もし、もしもの話だぞ、ハルヒのヤツに『願望を実現する力』とやつがあるとするならば、

長門>朝比奈さん>古泉の登場順では異世界人がおらず矛盾になるし、そもそもハルヒのヤツは『ただの人間には興味ない』と公言したわけで、つまりはだ、主人公キョンであるこのオレに興味がないってことになるぞ。あのあとすぐに古泉がオレのことを「あなたはふつうの人間です」と言っていたし、長門も部屋に招いてくれた時、「私はあなたのような大多数の人間ではない」と言ってたしな!

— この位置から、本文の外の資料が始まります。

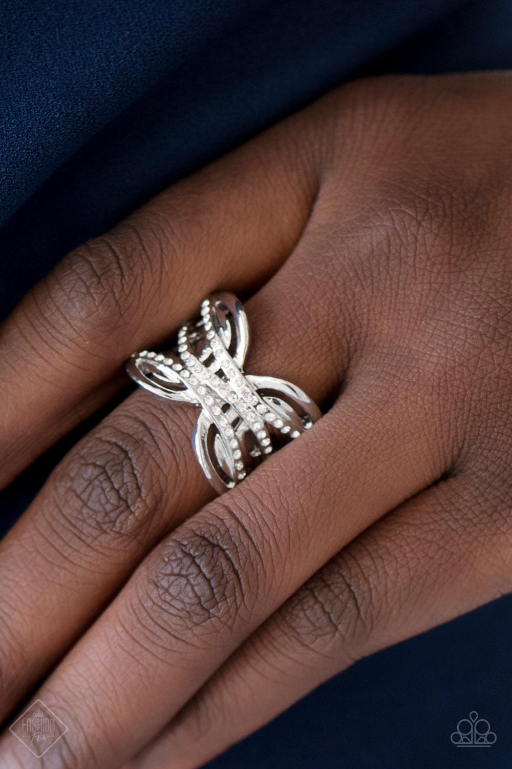 Glistening silver bars swoop across the finger, creating wings. Encrusted in glittery white rhinestones, glistening ribbons of silver wrap around the refined frame for a timeless finish. Features a stretchy band for a flexible fit.

 だとするとだ、『ハルヒ』か『古泉・長門』のどちらかに矛盾が生じて、『この矛盾』こそが『主人公であるキョンオレがふつうの人間ではない!』と言う1番の証明になるのではないだろうか?またこの事が時系列はオレが体験したとおりの順って証明でもあるな! 読者のみんなはこれについてどう思う?是非意見を聞かせてくれ!


 おっと、この話はまだまだ続くぜ!休ませてやるものか!!


 それとだな、『3年前の七夕』も怪しくないか?


 だってよ、中学生のハルヒが学校に忍び込んでグランドにあの象形文字を書いて、それが情報爆発とやらを引き起こし、そのときに『力』を得たんだよな?読者のみんなも『この認識』で合ってるよな?……うんうん、だとすればますます違うだろう。


 だってよ、そもそも中学ハルヒのヤツはオレに指示するだけで、文字を『実際』に書いたのは主人公キョンであるオレなわけだろ?

 大体ああいう、魔方陣?文字?を書いて力を得る場合ってのは、書いた、ないし完成させた人間に直接力が宿るモノだろ?

 それにだぞ、『情報爆発の中心の涼宮ハルヒがいた。』……いやいやキョンオレもその場にいましたよ!だったらオレにもその『その力』とやらがあってもいいじゃないかと思う今日この頃。


 あとこの後の会話もぜってぇ伏線になってるだろ。中学ハルヒがオレに問いた、宇宙人、未来人、超能力者、異世界人とやらの話だ。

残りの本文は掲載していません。